Description of the task – Whenever a line in the records below contains "eine", pick it out.

Dataset entries –

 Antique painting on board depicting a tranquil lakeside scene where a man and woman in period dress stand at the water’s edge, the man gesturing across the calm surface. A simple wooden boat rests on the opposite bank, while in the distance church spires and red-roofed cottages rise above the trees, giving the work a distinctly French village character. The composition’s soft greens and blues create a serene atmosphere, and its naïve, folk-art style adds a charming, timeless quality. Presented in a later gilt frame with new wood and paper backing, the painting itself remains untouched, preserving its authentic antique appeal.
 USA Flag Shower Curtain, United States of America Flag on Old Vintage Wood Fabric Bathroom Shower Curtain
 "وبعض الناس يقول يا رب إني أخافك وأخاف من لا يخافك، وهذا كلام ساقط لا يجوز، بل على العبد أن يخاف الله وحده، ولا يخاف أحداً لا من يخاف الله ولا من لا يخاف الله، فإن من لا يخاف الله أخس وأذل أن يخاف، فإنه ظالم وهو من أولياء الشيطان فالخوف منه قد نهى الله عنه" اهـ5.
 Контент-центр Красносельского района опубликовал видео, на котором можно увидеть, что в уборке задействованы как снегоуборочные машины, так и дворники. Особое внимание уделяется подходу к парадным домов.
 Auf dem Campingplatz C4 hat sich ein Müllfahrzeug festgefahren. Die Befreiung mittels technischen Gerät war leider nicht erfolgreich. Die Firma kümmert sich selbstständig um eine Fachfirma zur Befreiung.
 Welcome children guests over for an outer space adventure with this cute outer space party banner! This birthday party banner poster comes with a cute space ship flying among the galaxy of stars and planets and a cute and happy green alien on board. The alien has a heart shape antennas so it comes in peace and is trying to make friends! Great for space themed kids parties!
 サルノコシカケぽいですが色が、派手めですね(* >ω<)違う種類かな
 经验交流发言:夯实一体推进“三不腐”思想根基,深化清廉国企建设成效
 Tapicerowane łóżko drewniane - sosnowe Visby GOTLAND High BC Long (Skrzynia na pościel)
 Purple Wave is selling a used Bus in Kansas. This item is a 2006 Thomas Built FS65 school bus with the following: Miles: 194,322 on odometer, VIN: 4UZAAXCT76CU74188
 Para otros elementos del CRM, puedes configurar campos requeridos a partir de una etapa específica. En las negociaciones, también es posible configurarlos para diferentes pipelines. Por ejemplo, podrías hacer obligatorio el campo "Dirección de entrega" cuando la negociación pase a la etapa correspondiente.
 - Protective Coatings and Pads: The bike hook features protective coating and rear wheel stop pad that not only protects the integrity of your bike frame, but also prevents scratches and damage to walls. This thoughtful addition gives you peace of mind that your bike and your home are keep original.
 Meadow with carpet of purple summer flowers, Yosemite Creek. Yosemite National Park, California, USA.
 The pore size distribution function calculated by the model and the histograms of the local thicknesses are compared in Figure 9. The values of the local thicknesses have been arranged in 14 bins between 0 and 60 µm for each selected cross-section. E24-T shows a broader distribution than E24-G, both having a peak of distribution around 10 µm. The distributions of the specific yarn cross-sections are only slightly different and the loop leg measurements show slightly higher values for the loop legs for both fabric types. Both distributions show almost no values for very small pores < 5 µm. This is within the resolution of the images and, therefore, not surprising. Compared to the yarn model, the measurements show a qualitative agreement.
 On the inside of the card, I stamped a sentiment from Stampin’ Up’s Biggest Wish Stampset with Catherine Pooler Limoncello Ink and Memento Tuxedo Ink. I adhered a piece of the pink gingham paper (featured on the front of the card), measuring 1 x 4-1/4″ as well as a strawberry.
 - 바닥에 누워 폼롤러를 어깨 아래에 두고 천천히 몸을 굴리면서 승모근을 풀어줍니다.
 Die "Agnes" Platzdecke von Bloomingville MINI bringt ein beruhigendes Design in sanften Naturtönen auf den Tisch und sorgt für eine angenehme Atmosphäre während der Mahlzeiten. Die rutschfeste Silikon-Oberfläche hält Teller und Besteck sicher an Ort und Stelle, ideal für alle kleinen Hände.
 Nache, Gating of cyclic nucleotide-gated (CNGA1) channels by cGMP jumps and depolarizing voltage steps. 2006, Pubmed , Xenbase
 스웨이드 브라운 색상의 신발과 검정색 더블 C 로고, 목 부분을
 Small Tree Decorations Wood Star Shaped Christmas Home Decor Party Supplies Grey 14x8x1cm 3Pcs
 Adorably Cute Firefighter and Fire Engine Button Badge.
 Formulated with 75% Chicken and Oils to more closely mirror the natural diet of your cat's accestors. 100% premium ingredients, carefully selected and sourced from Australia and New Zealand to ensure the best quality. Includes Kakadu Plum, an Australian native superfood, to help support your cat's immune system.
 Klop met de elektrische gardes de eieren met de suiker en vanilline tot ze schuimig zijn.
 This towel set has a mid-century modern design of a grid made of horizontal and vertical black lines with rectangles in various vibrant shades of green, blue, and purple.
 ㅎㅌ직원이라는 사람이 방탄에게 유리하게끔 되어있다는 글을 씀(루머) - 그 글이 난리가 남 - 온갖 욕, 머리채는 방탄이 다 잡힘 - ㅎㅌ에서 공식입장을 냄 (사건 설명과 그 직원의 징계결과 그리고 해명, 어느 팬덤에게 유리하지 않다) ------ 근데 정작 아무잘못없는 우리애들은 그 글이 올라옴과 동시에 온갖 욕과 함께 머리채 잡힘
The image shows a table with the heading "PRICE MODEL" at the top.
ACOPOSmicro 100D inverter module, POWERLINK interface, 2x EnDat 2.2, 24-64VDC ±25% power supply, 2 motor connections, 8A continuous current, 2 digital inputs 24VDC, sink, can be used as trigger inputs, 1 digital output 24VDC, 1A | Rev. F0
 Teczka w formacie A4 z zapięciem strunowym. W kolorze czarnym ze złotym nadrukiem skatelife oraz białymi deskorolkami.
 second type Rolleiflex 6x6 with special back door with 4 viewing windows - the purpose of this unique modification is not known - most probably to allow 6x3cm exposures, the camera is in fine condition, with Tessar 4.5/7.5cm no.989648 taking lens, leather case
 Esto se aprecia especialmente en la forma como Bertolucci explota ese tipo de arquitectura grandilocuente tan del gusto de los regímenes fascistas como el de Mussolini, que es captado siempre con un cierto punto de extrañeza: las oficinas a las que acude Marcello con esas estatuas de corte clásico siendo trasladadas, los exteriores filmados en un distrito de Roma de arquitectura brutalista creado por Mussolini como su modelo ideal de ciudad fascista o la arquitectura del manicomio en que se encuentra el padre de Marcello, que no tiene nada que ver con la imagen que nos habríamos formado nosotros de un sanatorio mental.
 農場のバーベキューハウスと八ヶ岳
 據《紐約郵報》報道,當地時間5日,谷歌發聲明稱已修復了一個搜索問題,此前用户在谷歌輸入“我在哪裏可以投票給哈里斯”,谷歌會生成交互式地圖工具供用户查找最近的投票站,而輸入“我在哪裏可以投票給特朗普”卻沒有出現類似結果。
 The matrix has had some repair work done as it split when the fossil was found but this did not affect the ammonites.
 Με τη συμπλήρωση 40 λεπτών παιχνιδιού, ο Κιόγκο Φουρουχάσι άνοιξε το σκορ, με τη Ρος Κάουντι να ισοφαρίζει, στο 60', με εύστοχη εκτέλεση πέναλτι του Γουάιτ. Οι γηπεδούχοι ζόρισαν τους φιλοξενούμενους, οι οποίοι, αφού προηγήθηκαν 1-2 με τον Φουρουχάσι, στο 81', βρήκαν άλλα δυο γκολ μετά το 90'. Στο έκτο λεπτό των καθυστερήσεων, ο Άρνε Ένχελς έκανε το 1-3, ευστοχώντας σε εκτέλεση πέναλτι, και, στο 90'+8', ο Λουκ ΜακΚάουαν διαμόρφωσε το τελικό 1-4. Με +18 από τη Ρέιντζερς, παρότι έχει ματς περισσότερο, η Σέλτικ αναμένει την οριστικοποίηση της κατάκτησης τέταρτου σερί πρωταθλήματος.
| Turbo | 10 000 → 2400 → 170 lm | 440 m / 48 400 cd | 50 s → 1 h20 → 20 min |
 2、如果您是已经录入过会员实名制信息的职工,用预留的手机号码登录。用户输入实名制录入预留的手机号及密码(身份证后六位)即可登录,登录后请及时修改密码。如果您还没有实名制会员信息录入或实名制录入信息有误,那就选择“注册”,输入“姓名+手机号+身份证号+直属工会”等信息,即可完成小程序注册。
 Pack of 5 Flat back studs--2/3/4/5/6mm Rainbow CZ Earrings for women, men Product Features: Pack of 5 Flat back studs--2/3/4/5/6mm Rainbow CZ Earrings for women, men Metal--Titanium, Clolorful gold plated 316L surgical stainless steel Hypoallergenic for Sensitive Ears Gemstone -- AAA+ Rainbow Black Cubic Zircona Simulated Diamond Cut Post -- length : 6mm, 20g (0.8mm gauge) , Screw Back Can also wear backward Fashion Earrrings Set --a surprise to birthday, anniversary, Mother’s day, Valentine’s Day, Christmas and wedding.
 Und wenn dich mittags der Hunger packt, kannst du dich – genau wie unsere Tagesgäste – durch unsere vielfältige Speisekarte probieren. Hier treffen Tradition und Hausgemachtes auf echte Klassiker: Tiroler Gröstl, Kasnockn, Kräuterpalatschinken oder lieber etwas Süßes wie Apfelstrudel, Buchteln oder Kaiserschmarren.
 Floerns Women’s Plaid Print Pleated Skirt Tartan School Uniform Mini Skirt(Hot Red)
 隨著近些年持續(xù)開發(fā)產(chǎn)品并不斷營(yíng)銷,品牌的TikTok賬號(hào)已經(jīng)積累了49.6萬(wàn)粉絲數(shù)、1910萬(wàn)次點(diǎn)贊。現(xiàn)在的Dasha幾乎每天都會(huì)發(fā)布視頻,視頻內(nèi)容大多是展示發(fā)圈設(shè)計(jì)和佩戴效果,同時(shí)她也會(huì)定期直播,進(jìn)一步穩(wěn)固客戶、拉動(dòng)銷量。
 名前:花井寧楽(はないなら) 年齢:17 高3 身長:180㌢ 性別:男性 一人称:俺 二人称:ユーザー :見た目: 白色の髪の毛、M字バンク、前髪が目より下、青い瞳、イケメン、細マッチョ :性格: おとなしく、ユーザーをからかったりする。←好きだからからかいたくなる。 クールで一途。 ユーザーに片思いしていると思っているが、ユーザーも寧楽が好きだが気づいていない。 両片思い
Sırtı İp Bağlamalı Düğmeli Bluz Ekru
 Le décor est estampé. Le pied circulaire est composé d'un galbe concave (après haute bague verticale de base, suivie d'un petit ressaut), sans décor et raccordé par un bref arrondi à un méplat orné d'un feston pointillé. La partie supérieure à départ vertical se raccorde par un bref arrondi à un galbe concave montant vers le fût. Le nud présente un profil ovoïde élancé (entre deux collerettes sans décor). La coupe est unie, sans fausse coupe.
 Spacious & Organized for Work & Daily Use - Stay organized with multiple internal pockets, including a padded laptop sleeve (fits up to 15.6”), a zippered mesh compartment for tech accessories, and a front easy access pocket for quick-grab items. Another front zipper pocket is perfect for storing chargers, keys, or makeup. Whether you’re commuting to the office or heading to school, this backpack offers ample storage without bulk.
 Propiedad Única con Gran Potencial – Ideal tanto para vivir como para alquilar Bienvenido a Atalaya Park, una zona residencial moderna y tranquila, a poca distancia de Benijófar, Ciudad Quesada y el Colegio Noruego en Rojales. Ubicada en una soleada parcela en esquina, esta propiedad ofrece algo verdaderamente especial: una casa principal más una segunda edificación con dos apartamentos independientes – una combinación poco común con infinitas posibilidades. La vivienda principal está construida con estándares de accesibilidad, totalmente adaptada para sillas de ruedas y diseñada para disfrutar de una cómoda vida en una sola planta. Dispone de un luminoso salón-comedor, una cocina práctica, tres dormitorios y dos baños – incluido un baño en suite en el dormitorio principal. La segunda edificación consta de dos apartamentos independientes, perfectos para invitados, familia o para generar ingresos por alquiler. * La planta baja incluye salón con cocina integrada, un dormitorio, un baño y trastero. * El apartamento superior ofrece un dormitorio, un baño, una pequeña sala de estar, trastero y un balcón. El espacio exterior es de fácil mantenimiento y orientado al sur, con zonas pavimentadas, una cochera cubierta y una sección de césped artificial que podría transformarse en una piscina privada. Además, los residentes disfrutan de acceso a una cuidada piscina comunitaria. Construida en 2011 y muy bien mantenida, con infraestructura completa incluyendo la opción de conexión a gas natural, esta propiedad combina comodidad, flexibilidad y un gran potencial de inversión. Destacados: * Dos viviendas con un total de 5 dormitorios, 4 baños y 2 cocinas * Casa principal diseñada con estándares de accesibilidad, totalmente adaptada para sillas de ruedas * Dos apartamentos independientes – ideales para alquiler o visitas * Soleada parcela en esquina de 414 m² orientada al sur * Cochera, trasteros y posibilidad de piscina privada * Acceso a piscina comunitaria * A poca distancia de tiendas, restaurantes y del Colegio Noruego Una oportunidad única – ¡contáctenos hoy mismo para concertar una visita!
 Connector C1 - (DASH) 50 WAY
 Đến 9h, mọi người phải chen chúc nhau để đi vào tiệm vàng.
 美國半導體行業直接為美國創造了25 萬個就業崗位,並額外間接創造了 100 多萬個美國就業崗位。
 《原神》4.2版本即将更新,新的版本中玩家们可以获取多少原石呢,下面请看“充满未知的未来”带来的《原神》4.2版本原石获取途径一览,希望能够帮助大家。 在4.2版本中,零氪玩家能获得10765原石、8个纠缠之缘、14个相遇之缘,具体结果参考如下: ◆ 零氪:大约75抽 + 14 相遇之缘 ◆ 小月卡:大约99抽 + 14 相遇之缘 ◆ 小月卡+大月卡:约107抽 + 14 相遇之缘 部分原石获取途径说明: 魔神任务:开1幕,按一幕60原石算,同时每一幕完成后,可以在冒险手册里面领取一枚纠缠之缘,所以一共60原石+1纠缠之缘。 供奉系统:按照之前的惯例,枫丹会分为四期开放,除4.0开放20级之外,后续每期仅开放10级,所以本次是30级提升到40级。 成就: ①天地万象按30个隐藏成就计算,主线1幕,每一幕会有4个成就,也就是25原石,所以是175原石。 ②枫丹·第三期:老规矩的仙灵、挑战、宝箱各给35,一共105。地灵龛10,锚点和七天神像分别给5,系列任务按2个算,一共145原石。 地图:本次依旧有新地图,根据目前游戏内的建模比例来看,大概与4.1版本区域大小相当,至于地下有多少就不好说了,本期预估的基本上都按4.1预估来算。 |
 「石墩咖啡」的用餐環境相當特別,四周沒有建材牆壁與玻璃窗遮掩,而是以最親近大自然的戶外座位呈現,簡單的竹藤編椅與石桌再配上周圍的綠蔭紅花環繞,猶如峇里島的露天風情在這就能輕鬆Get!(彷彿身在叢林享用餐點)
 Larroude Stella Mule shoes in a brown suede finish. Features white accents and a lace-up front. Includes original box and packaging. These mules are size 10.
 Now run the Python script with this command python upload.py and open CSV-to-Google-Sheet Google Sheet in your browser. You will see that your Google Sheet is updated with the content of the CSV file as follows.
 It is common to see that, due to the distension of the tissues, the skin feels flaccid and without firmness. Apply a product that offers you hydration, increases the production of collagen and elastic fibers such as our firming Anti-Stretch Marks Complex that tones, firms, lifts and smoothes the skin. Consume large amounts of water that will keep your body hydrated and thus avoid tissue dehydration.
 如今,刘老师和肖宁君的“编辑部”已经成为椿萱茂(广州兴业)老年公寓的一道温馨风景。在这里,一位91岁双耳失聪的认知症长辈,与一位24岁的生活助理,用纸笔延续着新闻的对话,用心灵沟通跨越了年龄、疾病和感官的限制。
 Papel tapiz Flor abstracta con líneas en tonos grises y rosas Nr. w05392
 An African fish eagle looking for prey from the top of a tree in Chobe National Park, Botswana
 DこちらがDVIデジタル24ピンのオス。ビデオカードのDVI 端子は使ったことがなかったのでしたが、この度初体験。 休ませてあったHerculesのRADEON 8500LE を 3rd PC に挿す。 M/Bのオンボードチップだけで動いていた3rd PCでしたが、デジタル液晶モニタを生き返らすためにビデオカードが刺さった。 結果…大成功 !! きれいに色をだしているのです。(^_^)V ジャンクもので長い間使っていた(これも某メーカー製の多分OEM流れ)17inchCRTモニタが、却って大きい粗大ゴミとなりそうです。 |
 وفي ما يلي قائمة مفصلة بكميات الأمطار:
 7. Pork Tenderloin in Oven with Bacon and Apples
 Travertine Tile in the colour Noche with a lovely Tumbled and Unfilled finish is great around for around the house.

Written reply –
 Auf dem Campingplatz C4 hat sich ein Müllfahrzeug festgefahren. Die Befreiung mittels technischen Gerät war leider nicht erfolgreich. Die Firma kümmert sich selbstständig um eine Fachfirma zur Befreiung.
 Die "Agnes" Platzdecke von Bloomingville MINI bringt ein beruhigendes Design in sanften Naturtönen auf den Tisch und sorgt für eine angenehme Atmosphäre während der Mahlzeiten. Die rutschfeste Silikon-Oberfläche hält Teller und Besteck sicher an Ort und Stelle, ideal für alle kleinen Hände.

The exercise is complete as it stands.